Stored items from a collection:
* * * * * * * * *
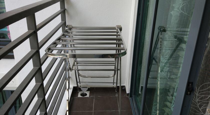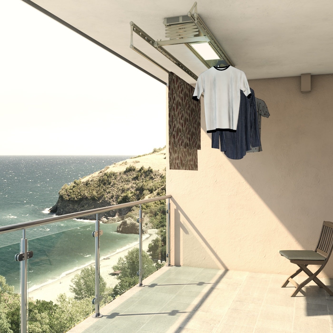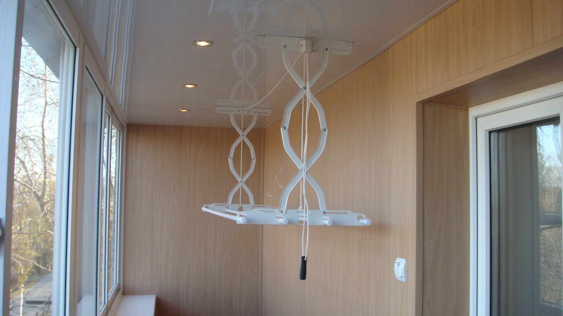 La presencia de un área de recreación en el balcón. El área de relajación del balcón implica la instalación de secadores de extracción de techo de altura ajustable o la instalación de una secadora para exteriores.
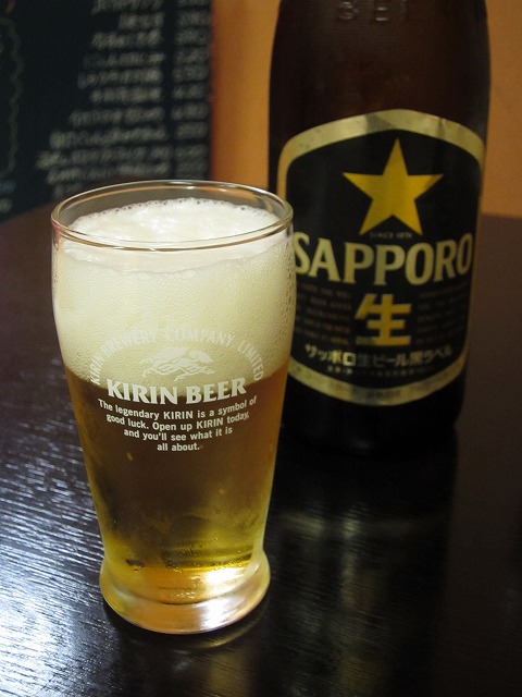 このお店は弘前東栄ホテル内にあり、店内は落ち着いた感じで居酒屋兼和食レストラン的な佇まい。席もほぼ満席で小さなお子さん連れの若いご夫婦もいらっしゃいました。まずは「黒ラベル」で乾杯です!
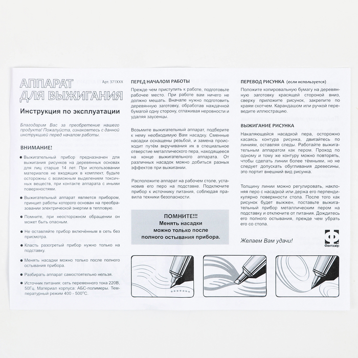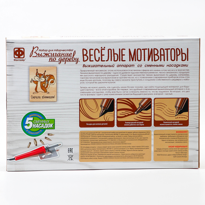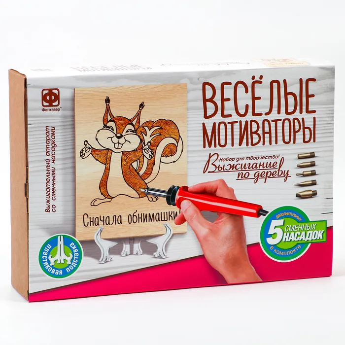 С набором для выжигания от торговой марки «Фантазёр» вы создадите картину, которая впишется в любой интерьер и каждый день будет напоминать, что жизнь прекрасна и мотивировать всех членов семьи улыбаться чаще! Особенно если картинку разместить на видном месте или установить на любой полочке с помощью пластикового мольберта.
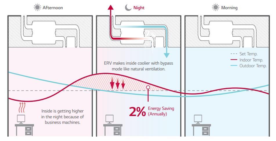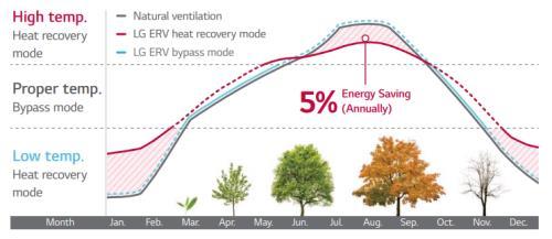The Energy Recovery Ventilation (ERV) system is an advanced solution designed to enhance indoor air quality while maximizing energy efficiency. This system effectively recovers energy from exhausted indoor air and transfers it to the incoming fresh air, ensuring minimal energy loss and maintaining a comfortable indoor environment The LG ERV is capable of interlocking with air conditioning systems and can be controlled individually, allowing for seamless integration and enhanced functionality.
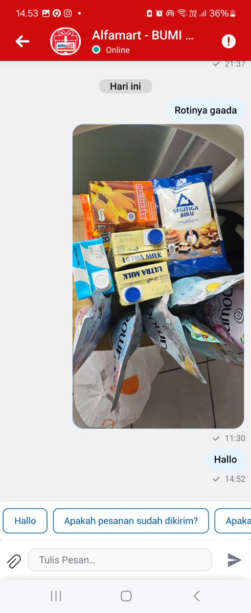 Tolong dibantu, pembelian online alfamart kurang, namun saat dichat tidak dibalas. Apakah memang ada indikasi penipuan? Saya belum menerima roti, tidaj ada konfirmasi dan pengurangan biaya. @sahabatalfamart @alfamart Masih lebih baik pelayanan @Indomaret @KontakIndomaret
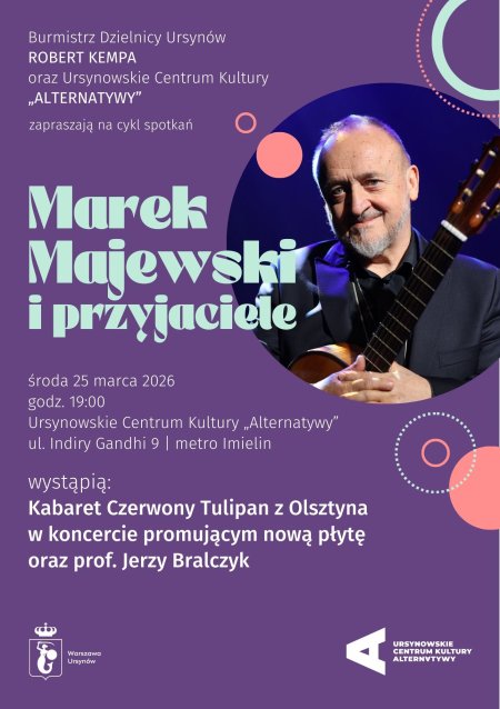 Kolejny koncert w ramach cyklu spotkań z Markiem Majewskim – satyrykiem, kompozytorem, śpiewającym poetą, scenarzystą i reżyserem licznych programów estradowych, telewizyjnych oraz radiowych. Goście spotkania: Kabaret Czerwony Tulipan z Olsztyna w koncercie promującym nową płytę oraz prof. Jerzy Bralczyk.
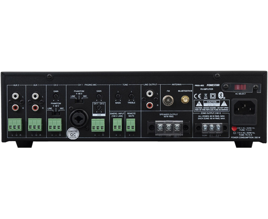 Fonestar PROX-60Z - 2-зонный 60-ваттный микширующий усилитель со 100-вольтовым приоритетным входом
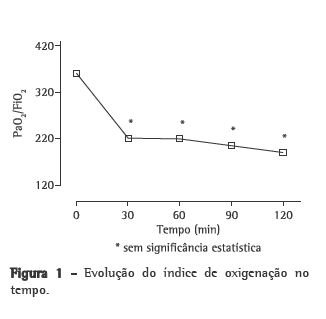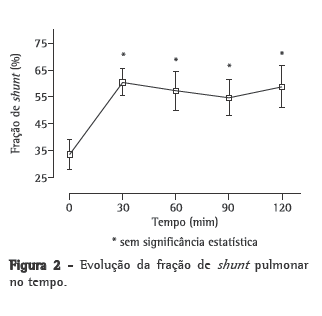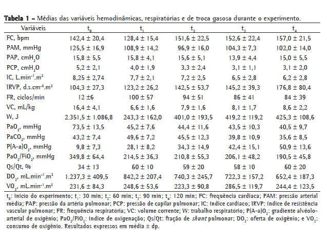Notou-se um indefinido aumento da PAP e IRVP. Denominaram como eventos recentes o aumento da elastância pulmonar, IRVP e P(A-a)O2, assim como a diminuição de PaO2, IC e PAM. Consideraram o aumento de PAP, Qs/Qt e PaCO2 como eventos tardios. Alguns autores(12) publicaram um estudo em porcos, demonstrando estabilidade do modelo em 30 min para FC, PAP, Qs/Qt e espaço morto. Esses autores também utilizaram a análise de variância com medidas repetidas para estudar suas variáveis. Em nosso estudo, observamos a estabilização da PAM aos 30 min e a tendência de estabilização de FC, PAP e PCP aos 60 min.
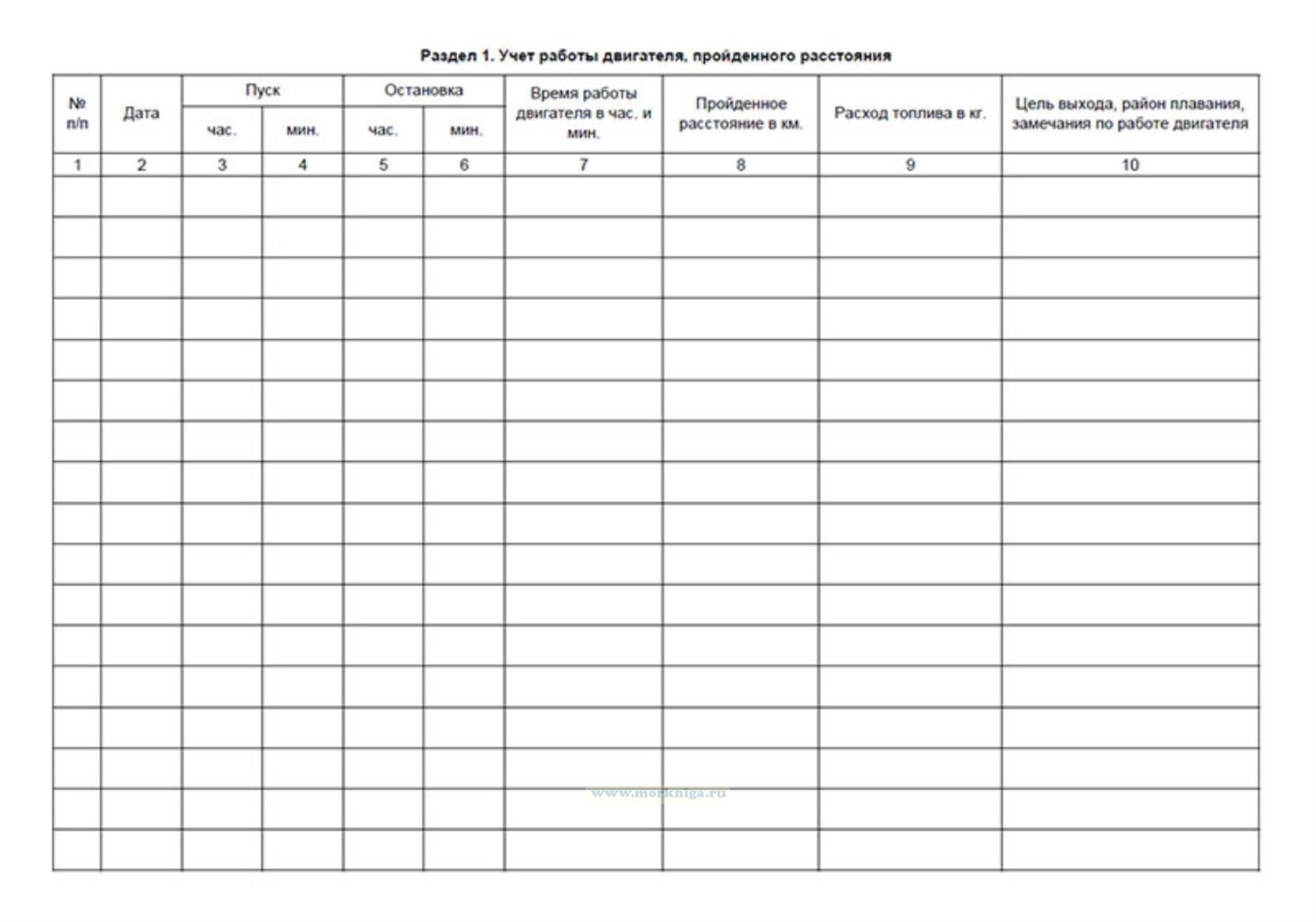 6. За каждые сутки, месяц, навигации проводится итог наработки часов двигателя, расход топлива и масла
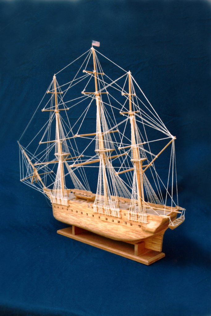 Then in 1977, fresh out of college with no woodworking tools of his own, Acton built a small model of a country church. He used Ohio Blue Tip matches purchased at the grocery store, a bottle of school glue, a utility knife, and a piece of sandpaper. Soon after that he challenged himself by building a matchstick model of a ship, the frigate USS Constitution. His wintertime hobby became a passion.
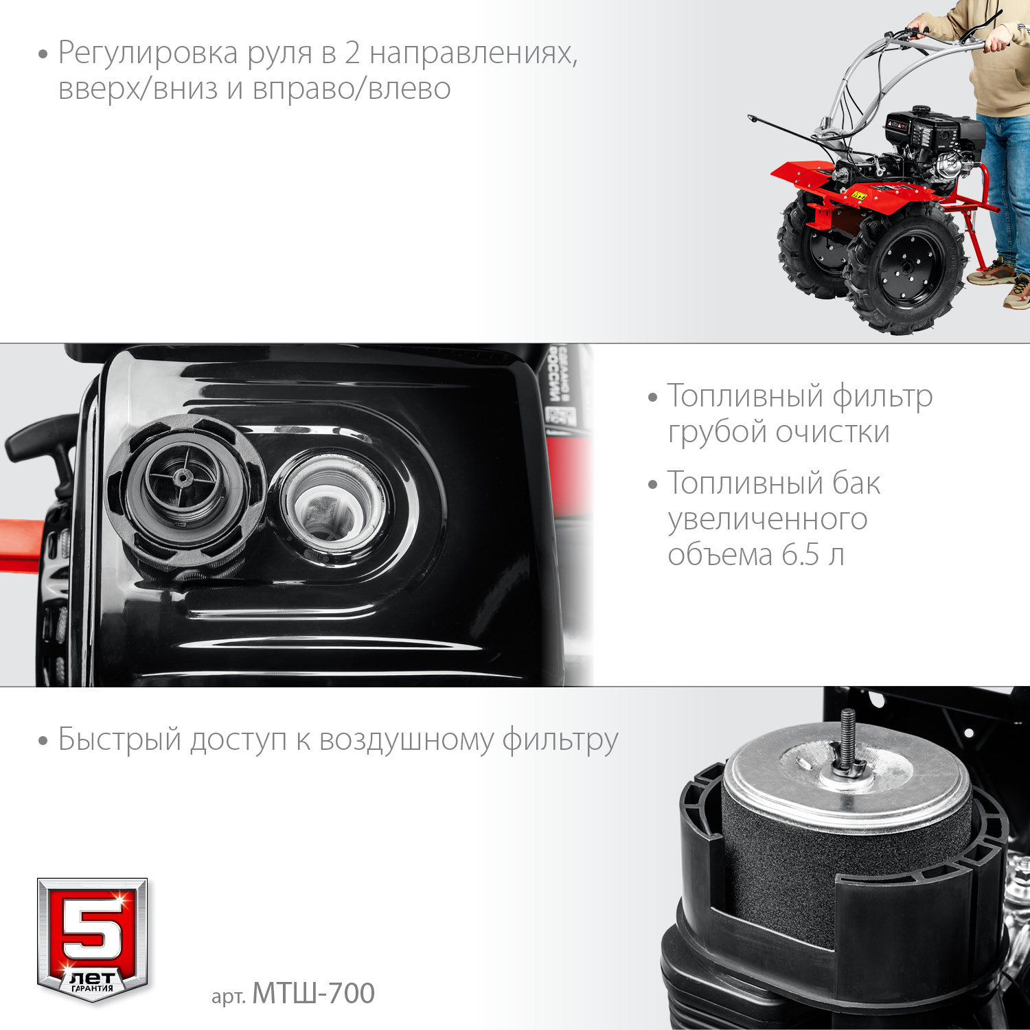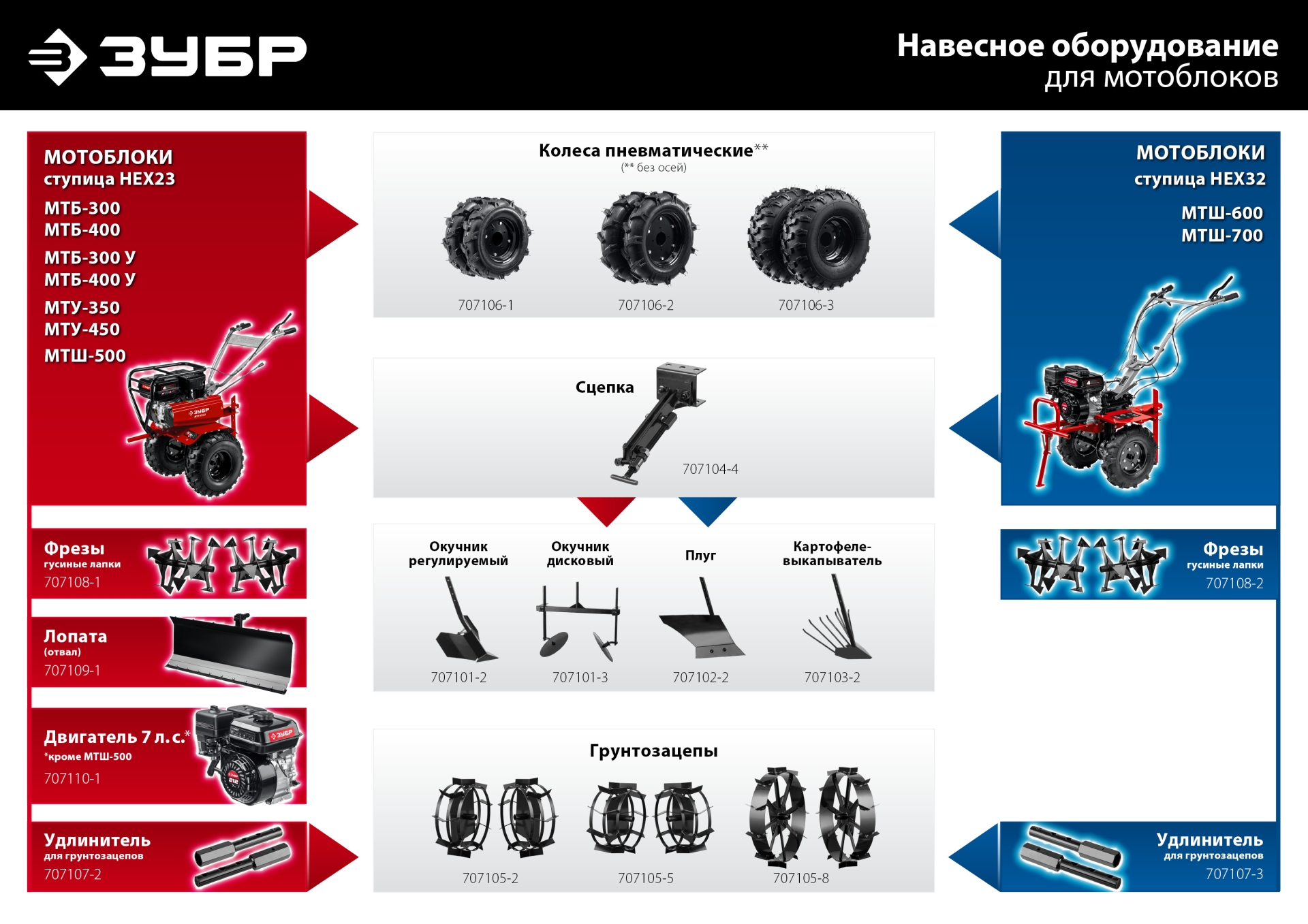 - Универсальная сцепка позволяет использовать различное навесное оборудование
* * * * * * * * *
● WHAT IS EXPECTED
Nothing but the lines from the one with "このお店は弘前東栄ホテル内に" to the one with "Tolong dibantu, pembelian" above, both included, should be transcribed, exactly and without pictures.

● ANSWER SPACE
 このお店は弘前東栄ホテル内にあり、店内は落ち着いた感じで居酒屋兼和食レストラン的な佇まい。席もほぼ満席で小さなお子さん連れの若いご夫婦もいらっしゃいました。まずは「黒ラベル」で乾杯です!
 С набором для выжигания от торговой марки «Фантазёр» вы создадите картину, которая впишется в любой интерьер и каждый день будет напоминать, что жизнь прекрасна и мотивировать всех членов семьи улыбаться чаще! Особенно если картинку разместить на видном месте или установить на любой полочке с помощью пластикового мольберта.
The Energy Recovery Ventilation (ERV) system is an advanced solution designed to enhance indoor air quality while maximizing energy efficiency. This system effectively recovers energy from exhausted indoor air and transfers it to the incoming fresh air, ensuring minimal energy loss and maintaining a comfortable indoor environment The LG ERV is capable of interlocking with air conditioning systems and can be controlled individually, allowing for seamless integration and enhanced functionality.
 Tolong dibantu, pembelian online alfamart kurang, namun saat dichat tidak dibalas. Apakah memang ada indikasi penipuan? Saya belum menerima roti, tidaj ada konfirmasi dan pengurangan biaya. @sahabatalfamart @alfamart Masih lebih baik pelayanan @Indomaret @KontakIndomaret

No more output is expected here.